Eylül ayında İstanbul sanat ortamında sezona merhaba diyecek sergileri Tophane’den Pera’ya sizler için derledim.
Tophane’deki Tomtom sokağın gözde mekânlarından Krank Art Gallery, genç sanatçı Merve İşeri’nin “Çürüyen Kavunlar” isimli kişisel sergisini ağırlıyor. Sanatçı; zamandan ve mekândan bağımsız, hayalvari bir dünyanın kapısını aralayan dört resim üzerine kurguladığı sergisinde, kişisel gelişim ve dönüşüm haline bir çeşit güzellemede bulunuyor. Her bir resimdeki dişil figürle birlikte dört sayısının sembolize ettikleri oldukça zengin. Dört element, ayın dört evresi, dört mevsim, dört ana yön gibi uzayıp giden liste aslında zamanın ve insanın durmadan kendisini yenilemesindeki döngüye atıfta bulunuyor. Sanatçının kendine has resimsel üslubuyla stilize ettiği figürler, değişmekte olan bedenin temsili olarak okunuyor. Küratörlüğünü Nicole O’Rourke’nin üstlendiği sergiyi, 20 Ekim tarihine dek mutlaka görün derim.
Rotayı Karaköy’deki Juma binasına çevirdiğimizde ise 14 Eylül tarihinde ortak açılış yapacak olan birbirinden iddialı sergiler bizi bekliyor. artSümer, sezonu Gökçe Erhan’ın ilk kişisel sergisi “Resimli Dünya Atlası” açıyor. İzleyiciyi resimlerinde anlattığı dünyaya kuş bakışı bakmaya yönlendiren Erhan’ın çalışmaları, doğal yaşam alanımıza döndüğümüzde karşılaşacaklarımızın adeta bir ön izlemesini sunuyor. Habitat adını taşıyan serisinden yağlıboya işleriyle birlikte resimlerine konu aldığı olaylar üzerine gerçekleştirdiği performanslarını içeren bir video çalışması ve naylon poşetlerden yaptığı kolajları izleyiciyle buluşturacak olan sanatçı, insan eliyle doğaya verilen zararı zihinlerde canlı tutuyor.
Mixer ise 2 farklı sergiyle sezona merhaba diyor. Benim de severek takip ettiğim isimlerden Alican Leblebici’nin kişisel sergisi “Son Çağrı”, gündeliğimizin içinde görmeye alışkın olduğumuz ve tanıdığımız nesneler üzerinden ürettiğimiz korkuları masaya yatırıyor.
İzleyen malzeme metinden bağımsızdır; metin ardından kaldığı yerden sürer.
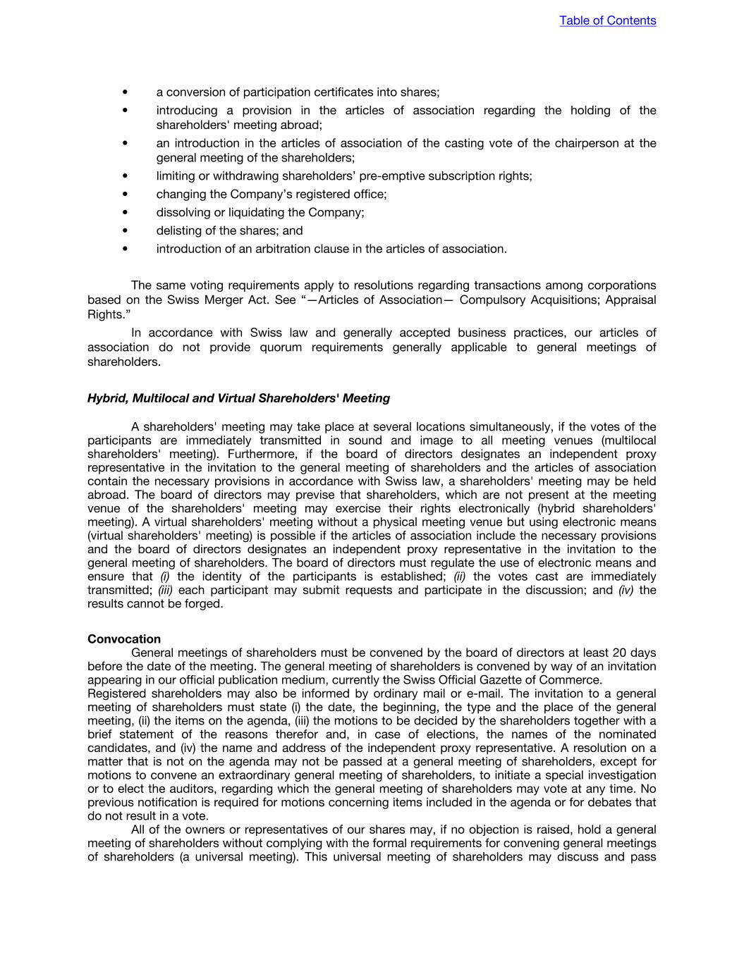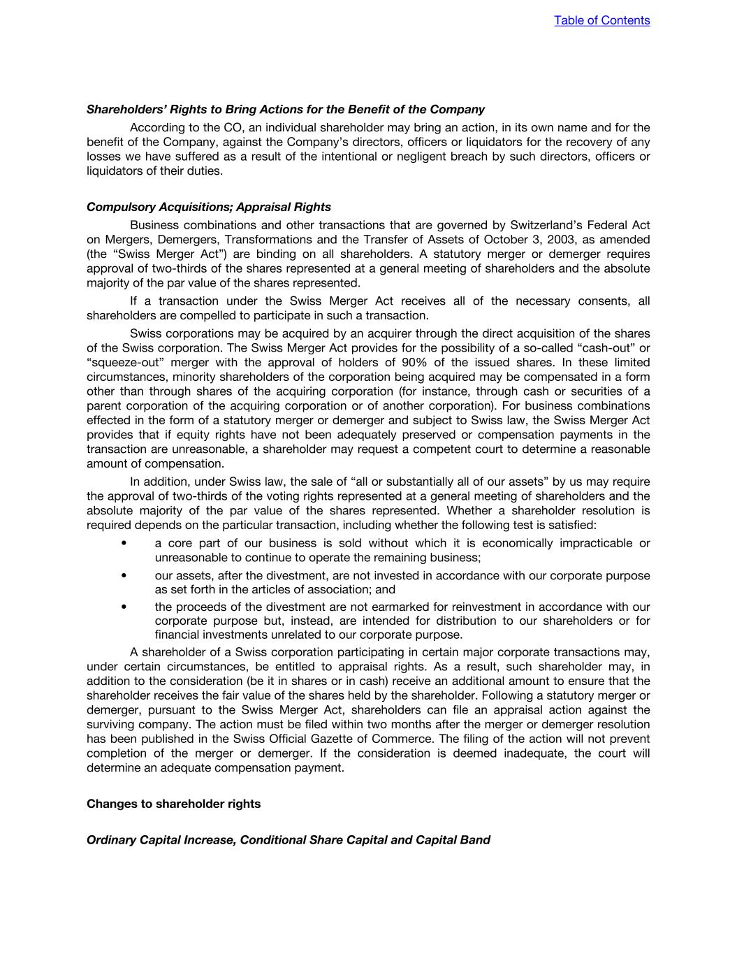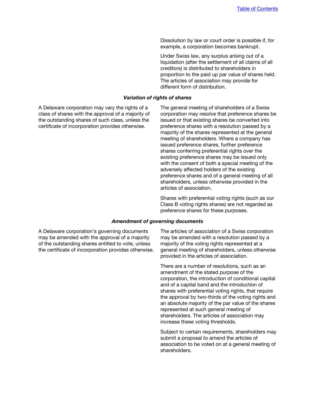 Dissolution by law or court order is possible if, for example, a corporation becomes bankrupt. Under Swiss law, any surplus arising out of a liquidation (after the settlement of all claims of all creditors) is distributed to shareholders in proportion to the paid up par value of shares held. The articles of association may provide for different form of distribution. Variation of rights of shares A Delaware corporation may vary the rights of a class of shares with the approval of a majority of the outstanding shares of such class, unless the certificate of incorporation provides otherwise. The general meeting of shareholders of a Swiss corporation may resolve that preference shares be issued or that existing shares be converted into preference shares with a resolution passed by a majority of the shares represented at the general meeting of shareholders. Where a company has issued preference shares, further preference shares conferring preferential rights over the existing preference shares may be issued only with the consent of both a special meeting of the adversely affected holders of the existing preference shares and of a general meeting of all shareholders, unless otherwise provided in the articles of association. Shares with preferential voting rights (such as our Class B voting rights shares) are not regarded as preference shares for these purposes. Amendment of governing documents A Delaware corporation’s governing documents may be amended with the approval of a majority of the outstanding shares entitled to vote, unless the certificate of incorporation provides otherwise. The articles of association of a Swiss corporation may be amended with a resolution passed by a majority of the voting rights represented at a general meeting of shareholders, unless otherwise provided in the articles of association. There are a number of resolutions, such as an amendment of the stated purpose of the corporation, the introduction of conditional capital and of a capital band and the introduction of shares with preferential voting rights, that require the approval by two-thirds of the voting rights and an absolute majority of the par value of the shares represented at such general meeting of shareholders. The articles of association may increase these voting thresholds. Subject to certain requirements, shareholders may submit a proposal to amend the articles of association to be voted on at a general meeting of shareholders. Table of Contents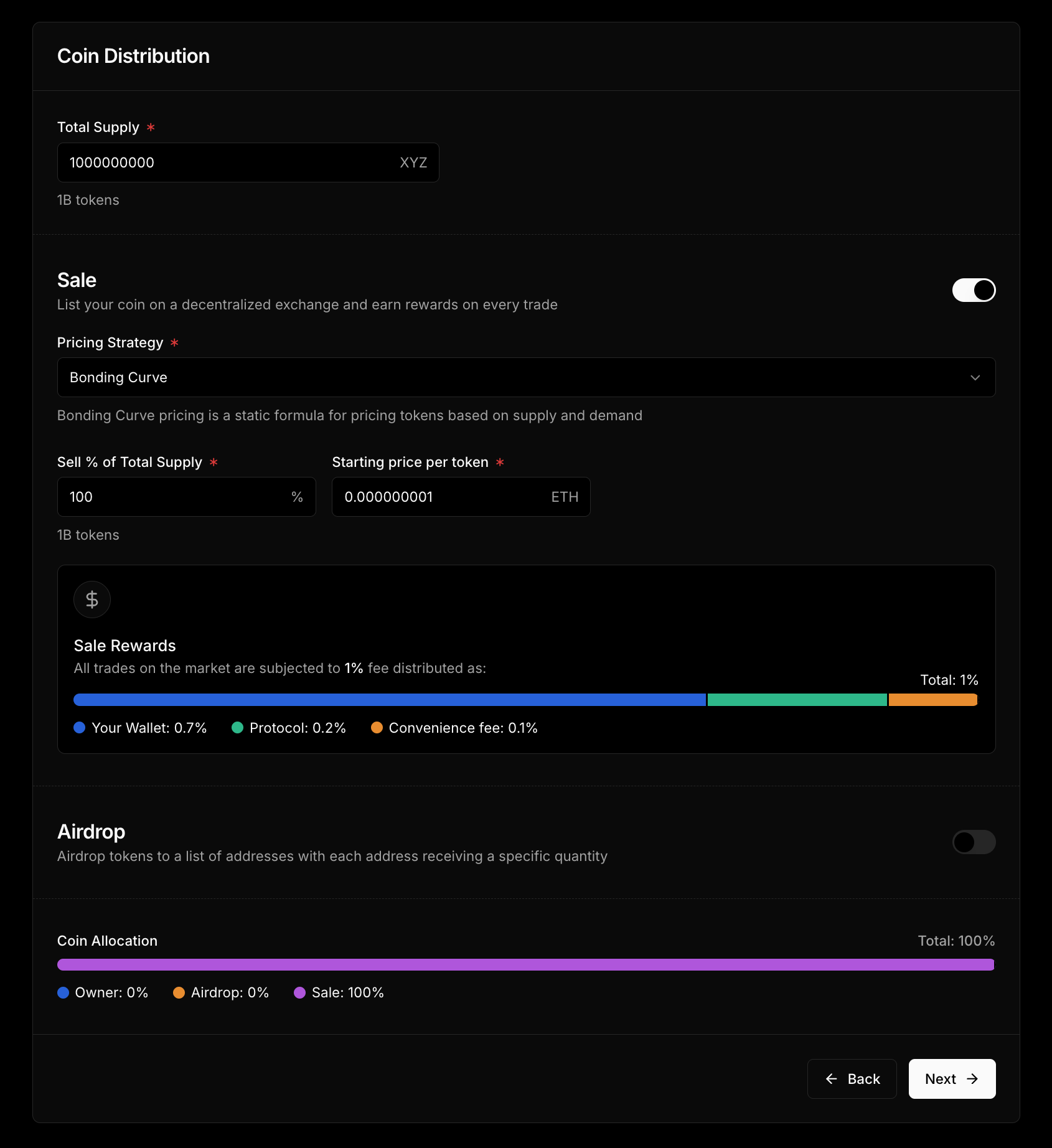 Reserve a portion of tokens for airdrops to a pre-selected list of recipients. Perfect for rewarding your early supporters

Sergi, çalar saat, yüksek rütbeli bir subayın şapkası, anti-depresanlar, uçuş panosu gibi nesnelerin; iktidar ilişkileri icra etme, korkularla başa çıkma ve hesaplaşma gibi farklı güçlerini gösteriyor. X-ray resimleriyle gözetleme, suç eşleştirme gibi soyut ve görünenden uzak bir yaklaşımın altını çizen sanatçı, küresel düzeydeki krizin ortasındayken çıkış noktasının içimizde olabilme ihtimalini sorguluyor. Üç fotoğraf sanatçısının bir araya getirildiği “Yakınlaşma” ise doğa ve zihin arasındaki bağlantıya odaklanıyor. Sergide işleri yer alan Emre Baykal, Nazlı Erdemirel ve Esra Özgüroğlu, beynimizdeki şaşırtıcı çözümleme yeteneği ‘’örüntü algısı’’ üzerinden kendi fotoğrafik üsluplarını kullanarak zihindeki bu etkileşim biçimlerini araştırıyor. Mixer’deki her iki sergiyi de 20 Ekim’e dek izleyebilirsiniz.
Pera’ya vardığımızda başarılı isimlerden Burcu Yağcıoğlu’nun solo sergisiyle Galerist bizi karşılıyor. Farklı ölçekteki desen ve kolajlarının yanısıra galeri mekânına müdahalesiyle izleyiciyi adeta bir girintinin içine çeken sanatçı, bir evrimsel mikrobiyoloji teorisi olan simbiyogenesis kavramını ele alıyor. Buradan yola çıkarak öznenin eylemliliğini sorunsallaştıran “İçeride”, 13 Eylül 20 Ekim 2018 tarihlerini arasında mutlaka görülmeli.